В Бехтеревой уживаются как бы три разных человека: Бехтерева-врач, Бехтерева-ученый и Бехтерева-директор. Не думаю, чтобы такой «союз» протекал всегда мирно, без внутренних конфликтов. Как-то я прямо спросил об этом Наталью Петровну.
Она посмотрела на меня с улыбкой.
— А что вы думаете? — сказала. — Врача часто мне приходится оберегать от ученого, а ученого — от директора.
Врачи нередко сталкиваются с такой ситуацией: больной вылечен, хорошо подействовали лекарства или удален пораженный орган, но проходит время, и симптомы опять возвращаются.

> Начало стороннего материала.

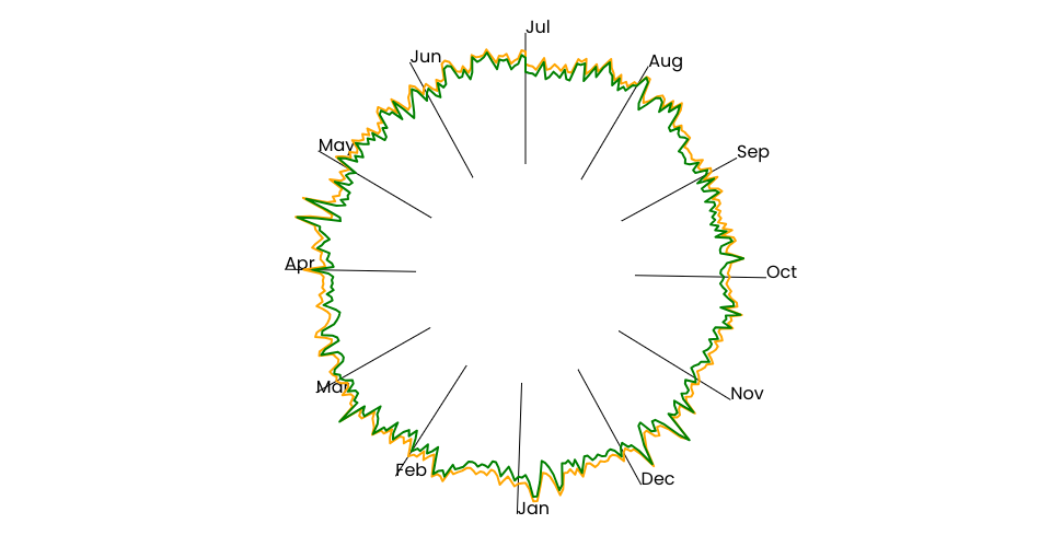 - Choosing a range for the angle scale that represents some periodic amount of time, like years, months, or weeks.

Болезни уже нет, а симптомы сохранены. Отчего это?
Бехтерева стала думать. Постепенно была ею выработана теория устойчивых патологических состояний. Вот в двух словах ее суть. Почему в здоровом организме поддерживаются нормальное кровяное давление, нормальный пульс, дыхание? Потому, что в нашем мозгу существует особая матрица памяти, которая помнит, в каких параметрах должен работать организм, чтобы сохранялось равновесие всех его частей. Но заболел человек. Равновесие это нарушилось. Изыскивая возможности выжить, мозг наш уравновешивает теперь все системы организма, ориентируясь главным образом на больной орган. Проходит время. Болезнь побеждена. Но вместо матрицы здоровья в мозгу все еще сохраняется матрица болезни. Ее надо постепенно расшатать. Заставить наш мозг забыть состояние болезни и вспомнить прежнее состояние здоровья.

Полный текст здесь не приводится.